# Mv Armadale



## johnbruce2001 (Oct 31, 2012)

have come across this vessel in the next auction at Bonningtons of Loughton & tried to find some info on this ship but I don't recognize the funnel markings. If anyone can tell me more, the auction lot is no.185.
Thanks.
J.Bruce


----------



## A.D.FROST (Sep 1, 2008)

johnbruce2001 said:


> have come across this vessel in the next auction at Bonningtons of Loughton & tried to find some info on this ship but I don't recognize the funnel markings. If anyone can tell me more, the auction lot is no.185.
> Thanks.
> J.Bruce


ARMADALE(SD15) charterers funnel colours KNSM (Dutch)rather than the "Hungry Goose(Thumb)bt.1970 A&P,Sunderland for Australind SS(Trinder Anderson).
View attachment 31299


----------



## Scouseman (Nov 29, 2006)

*MV Armadale*

Hi John

Like you, would like to know more about the vessel as I bought the painting over the internet !! Collected it today and it is slightly dirty/discoloured and needs cleaning - some small spots on it that look like maybe tea/coffee and maybe past owner was a smoker but I thought it was quite a good picture. 

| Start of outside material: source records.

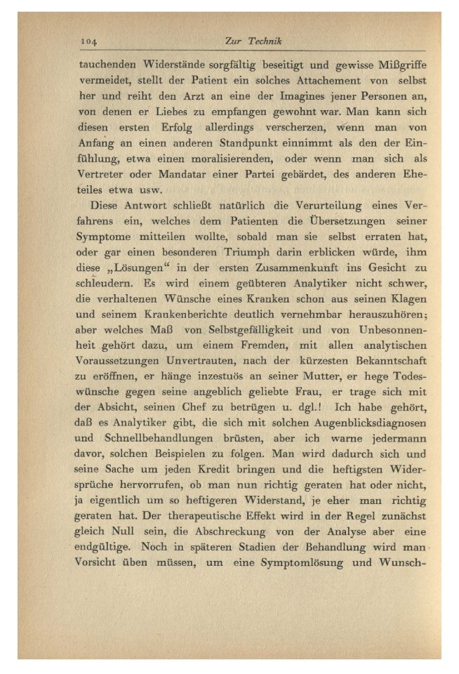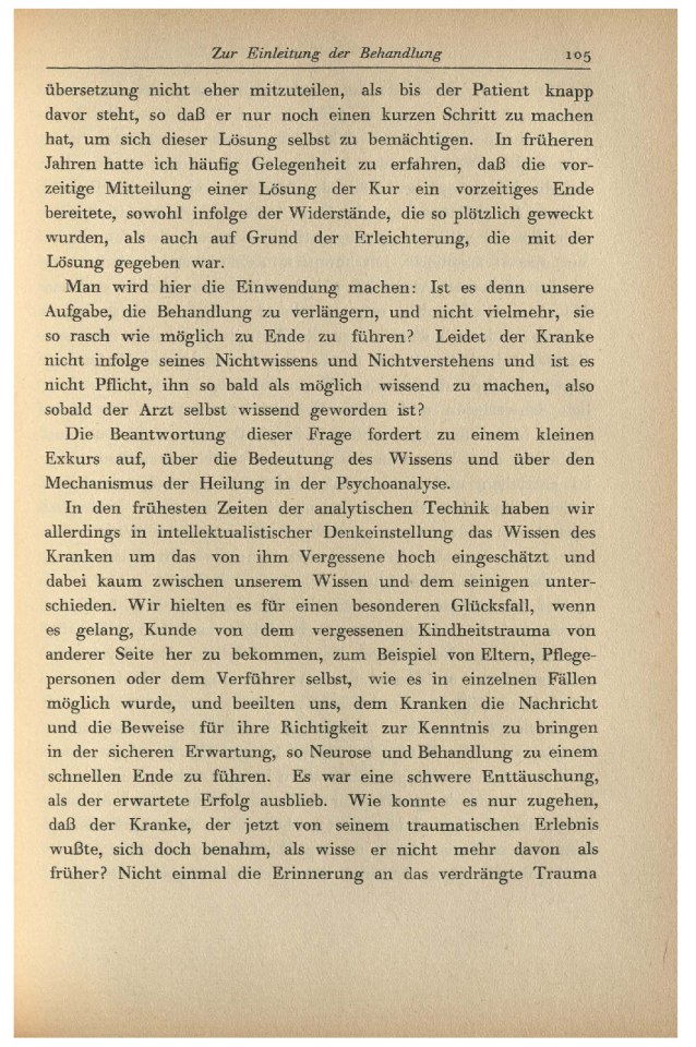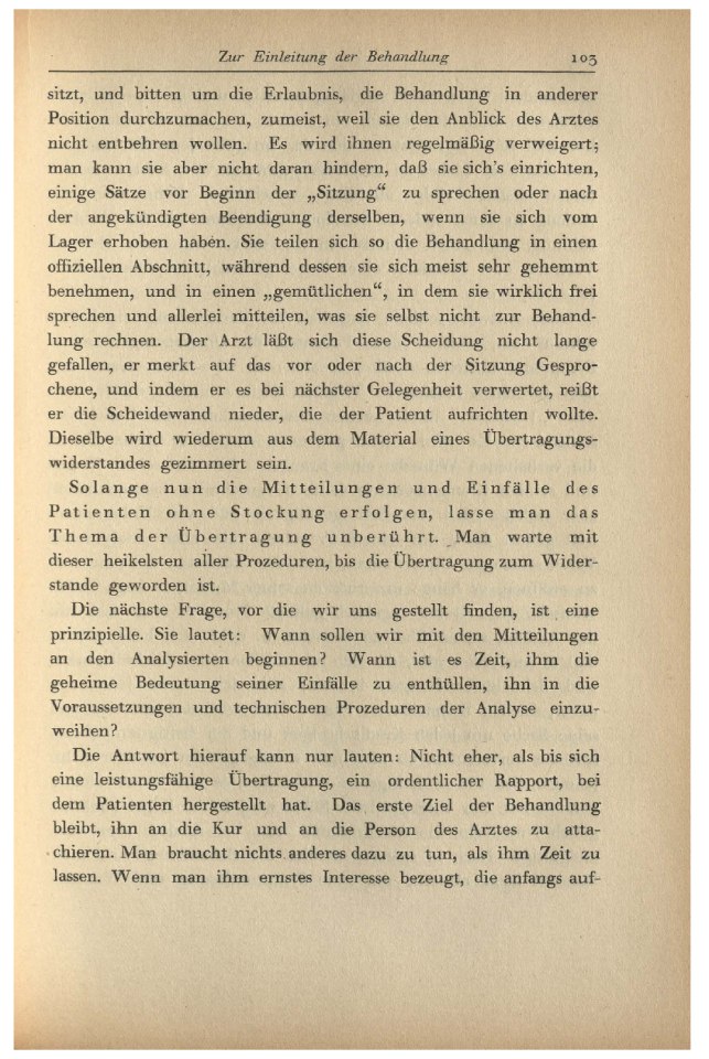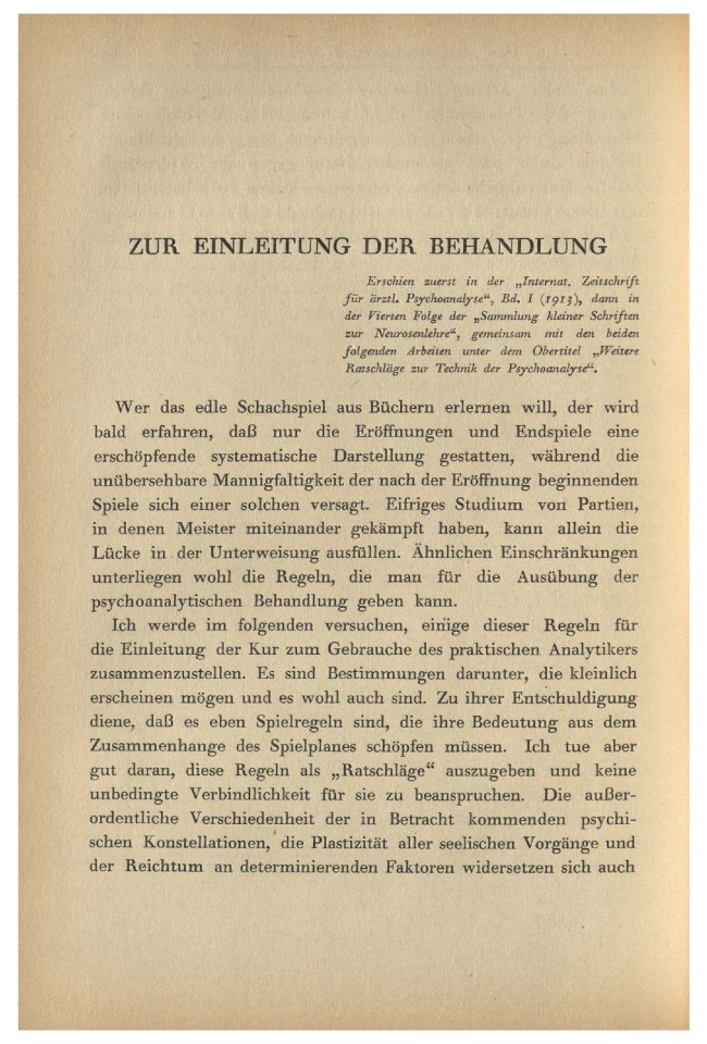Ratschläge zur Technik der Psychoanalyse“.Wer das edle Schachspiel aus Büchern erlernen will, der wird
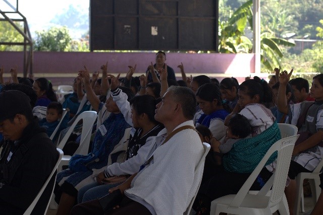 ESTRATEGIA: Impulsar la creación, fortalecimiento y consolidación de una mesa de diálogo dónde participen organizaciones de la sociedad civil y comunidades del municipio, así como diseñar colectivamente e implementar un proceso de fortalecimiento y formación, de procesos autogestivos a través del diálogo de saberes tzeltales, que fortalezcan y desarrollen habilidades y capacidades de los hombres, mujeres, jóvenes niñas y niños que permitan el impulso de procesos propios, acordes con sus necesidades y realidades del municipio.
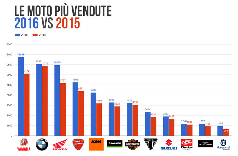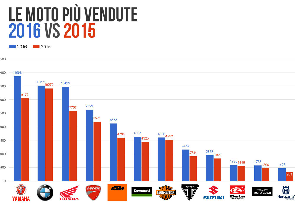Qui sotto è il grafico che confronta le vendite del 2016 con quelle del 2015 per quanto riguarda le prime dodici posizioni. In classifica è entrata al dodicesimo posto Husqvarna (tredicesima l'anno prima), mentre è uscita MV Agusta, arretrata dall'undicesima la tredicesima posizione. Da notare che tutte le marche hanno incrementato le proprie vendite, anche se la maggioranza è stata largamente al di sotto della crescita media (+21,5%), chi ha fatto meglio è Husqvarna (+45%), seguita fa Honda (+34%) KTM (+33%), Yamaha (+27%), Moto Guzzi (+24%) e Ducati (+20%). Fra chi ha migliorato con minore vigore, rispetto al 2015, ci sono Beta e Harley-Davidson.
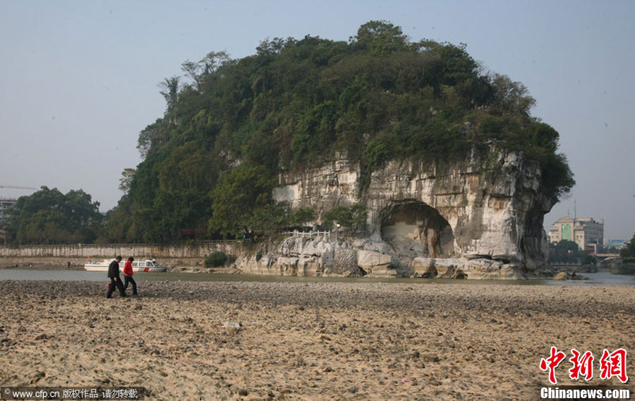 2010年11月4日,廣西桂林,象鼻山前干涸的河床。入秋以來,桂林持續(xù)干旱,漓江水位下降,進(jìn)入秋冬枯水期。李凱 攝 圖片來源:CFP視覺中國
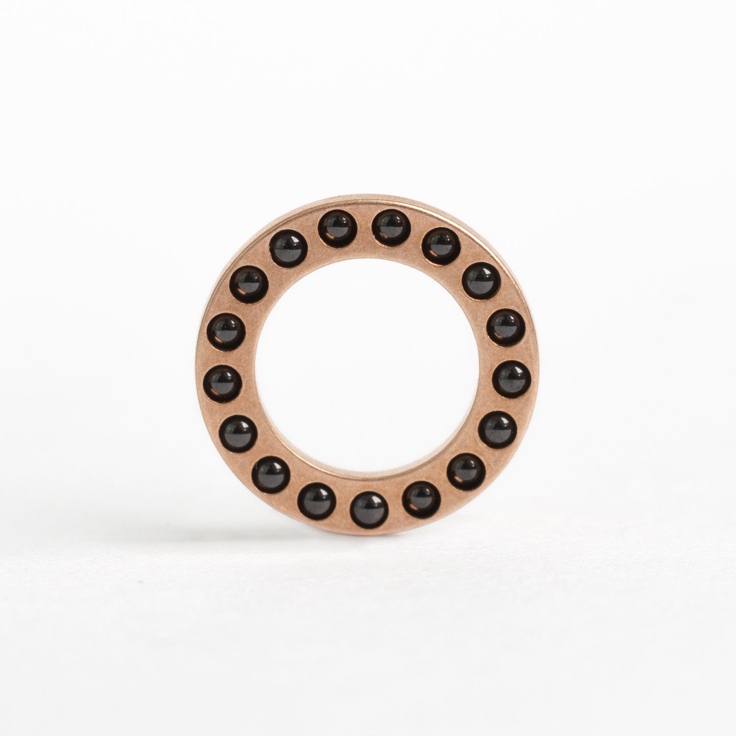 Cage bearings that allow more balls to be placed around the knife pivot than standard cage bearings. Which provides more support for the blade and decreasing stress on each ball. The ceramic balls are captured in the disc but are still free floating to prevent binding.

Should clean up nicely - any info on the vessel most welcome. 

cheers
Scouseman


----------



## A.D.FROST (Sep 1, 2008)

Scouseman said:


> Hi John
> 
> Like you, would like to know more about the vessel as I bought the painting over the internet !! Collected it today and it is slightly dirty/discoloured and needs cleaning - some small spots on it that look like maybe tea/coffee and maybe past owner was a smoker but I thought it was quite a good picture.
> 
> ...


ARMADALE Australind SS(Trinder Anderson) London.bt.1970A&P,Sunderland.SD15 type(one off) If you gointo SN Gallery lots of info.
http://www.shipsnostalgia.com/galle...0/title/trinder-andersons-mv-armadale/cat/510
In the painting she is chartered to Koninklijke Nederlandsche Stoomboot Maatschapplj (KNSM) N.V. Amsterdam.


----------



## Nova Scotian (Jul 2, 2006)

*Armadale*

I sailed on the Armadale in 1971. I joined the vessel in Sydney, Australia as X2/0. At the time she was discharging a general cargo loaded in the UK/Continent. Completed discharge after visiting Brisbane and Newcastle. Loaded a full cargo of zinc and zircon sand in Townsville for discharge (via Durban for bunkers) in Valencia, Marseille, London and Dunkirk. Left the vessel in drydock in Newcastle. My time on her was fairly uneventful, but I remember her being a very spartan vessel in terms of fittings and equipment with the usual stroppy British crowd.

Cheers.


----------



## GORDON PACE (Aug 13, 2021)

Nova Scotian said:


> *Armadale*
> 
> I sailed on the Armadale in 1971. I joined the vessel in Sydney, Australia as X2/0. At the time she was discharging a general cargo loaded in the UK/Continent. Completed discharge after visiting Brisbane and Newcastle. Loaded a full cargo of zinc and zircon sand in Townsville for discharge (via Durban for bunkers) in Valencia, Marseille, London and Dunkirk. Left the vessel in drydock in Newcastle. My time on her was fairly uneventful, but I remember her being a very spartan vessel in terms of fittings and equipment with the usual stroppy British crowd.
> 
> Cheers.


I DONE THE MAIDEN VOYAGE FROM SUNDERLAND 1970 "EDH" MOSTLY SUNDERLAND CREW , LIVERPOOL BOSUN ,, HAD A VERY GOOD TRIP.


----------